When downloading an older version i get a Trojan warning and Defender quarantines it. Not willing to try if it’s a false positive tbh although it is likely. Windows defender has a history of flagging this one but one never knows. @jon I did install this before without this happening on the same system (I stupidly uninstalled this same version from the wrong laptop) could you check if something is amiss ?
thanks
Joost
Edit: I ran it though Malwarebytes and Crowdstrike and came up clean so I guess it’s a false positive
I certainly haven’t heard of anyone having trouble before so, and that file has been downloaded 48,410 times! If the file hasn’t been messed with on its way to you* then I think it’s probably a false positive
Apparently there were a few similar triggers years back.
It only triggers on Windows Defender (apparently it can trigger on a C " Hello world" exe so anything halfway executable) and it quarantines it directly. So you have to un-quarantine it while you have an alternative scanner running as you really don’t want trojans on your system.
I just wanted to follow up on this thread and say I encountered the same problem a few days ago.
After downloading the file .exe for the PC standalone version (2021.2.3), Windows Defender flagged it as a malicious file containing the Vigorf trojan. The virus and the file .exe were automatically removed by Windows Defender. I don’t know if it was a false positive (our IT department suggested that maybe that was the case), but I just wanted to let you know @jon that I encountered the same problem reported by @jriph.
Best,
Martina
Ps. I’m tagging our Lab Manager @BemboLab in this post so she can follow this thread.
FWIW I think Defender get triggered when you install from the downloads folder because when I run the same file from a different location it does not trigger defender.
Hi everyone,
I just received the same Trojan:win32/Vigorf.A warning for the 2022 standalone installer .exe file, which I downloaded and installed 2 years ago!! Is there any update on this? Windows defender has removed the file from my computer, but the file has been on my computer (and installed) for 2 years. Is it a confirmed false positive? Bit scary
Thanks,
Julia
**edit - my installation doesn’t have any digital signatures. I downloaded it from the Psychopy website 2 years ago. Could my trojan warning be legitimate?
** edit 2 - ohh wait, I just realised that you meant to check the .exe file’s digital signature, not the actual installation files. Windows Defender removed the .exe file, so I can’t check that file anymore. I’m going to uninstall this older version of PsychoPy, just in case. But I’m still wondering if there is any update regarding why this is triggering Trojan warnings and if there is any likelihood it is real?
I’m still very confident this is a false positive, assuming the installer exe file you have is the copy that was signed by Open Science Tools:
From a web search it sounds like false positive for Vigorf.A are quite common
Nobody has reported a suggested positive from any other virus scanner despite being installed on tens of thousands of computers (that means sophos, crowdstrike, malwarebytes, norton, mcafee,… all think it’s safe)
I would recommend that you scan with an up to date dedicated virus scanner (sophos, crowdstrike
One suggestion (from Dell regarding a similar false positive) is to update your Windows Defender because it may be the false positive has been corrected in their database by now.

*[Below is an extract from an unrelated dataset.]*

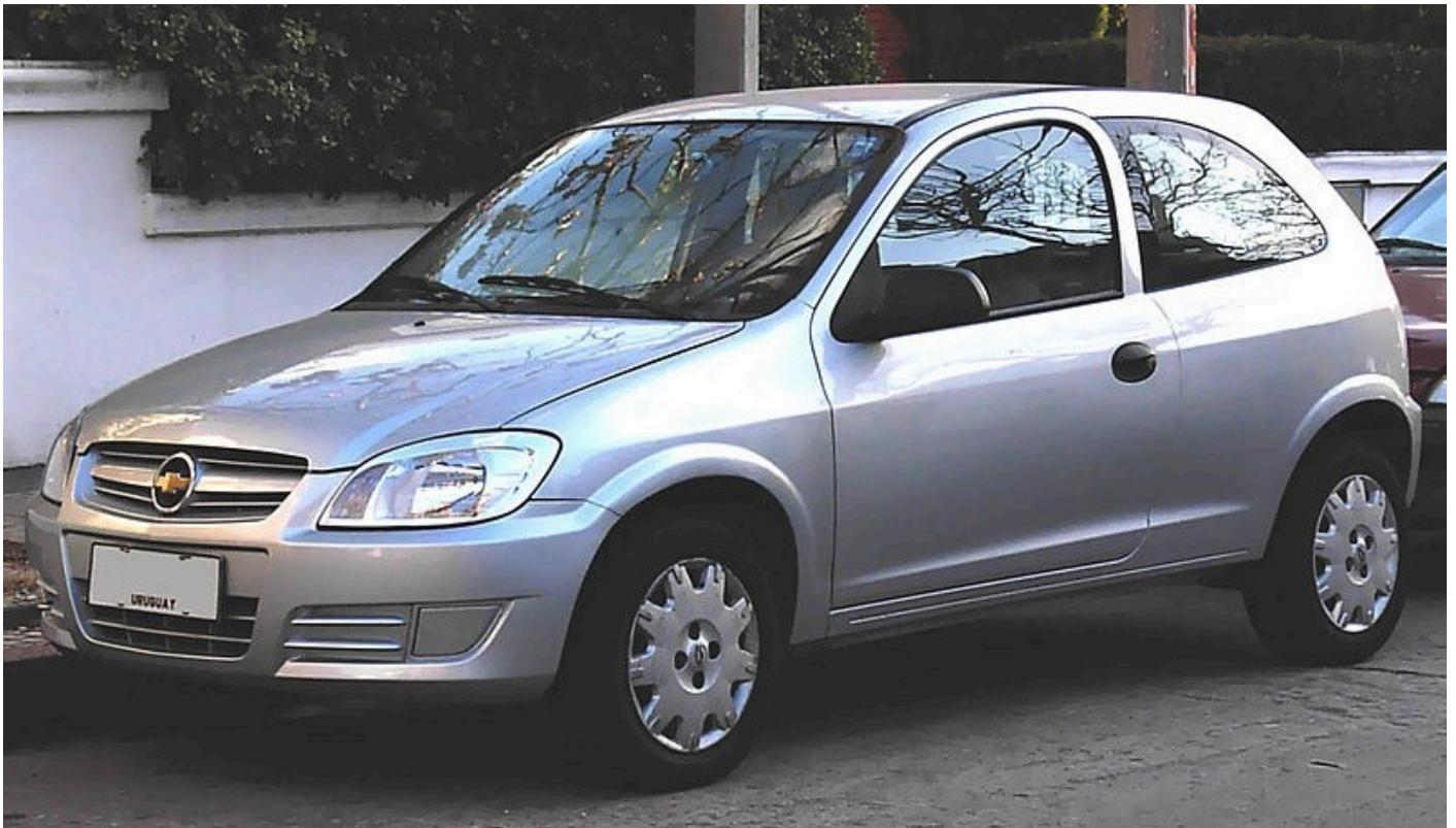
Chevrolet Celta (2001 – 2015) – Avaliação, review e opinião

Seemingly we could submit the file to Microsoft for analysis but it seems that
Unfortunately a) it says it can’t take files over 500mb and b) I can’t easily do this myself because we don’t use Microsoft Defender (we use sophos and crowdstrike)
Last recommendation is to upgrade to the 2024.2.4 version (using py3.8 for backwards compatibility with your existing studies) because that doesn’t generate these false positives
v2022.1.3 triggers the same warning (was trying to reinstall it to collect some more data for a previous study but Windows Defender won’t allow the install and removes the file promptly)
Are you able to submit the file to Microsoft for analysis as a False Positive?
I mean, I’d love to know why these things are getting incorrectly classified in the first place but maybe this is the way to get them correctly (de)classified
Actually I might be able to do this myself despite not having Windows Defender. The question is which product is it that’s reporting the positive? Defender Antivirus for Win11?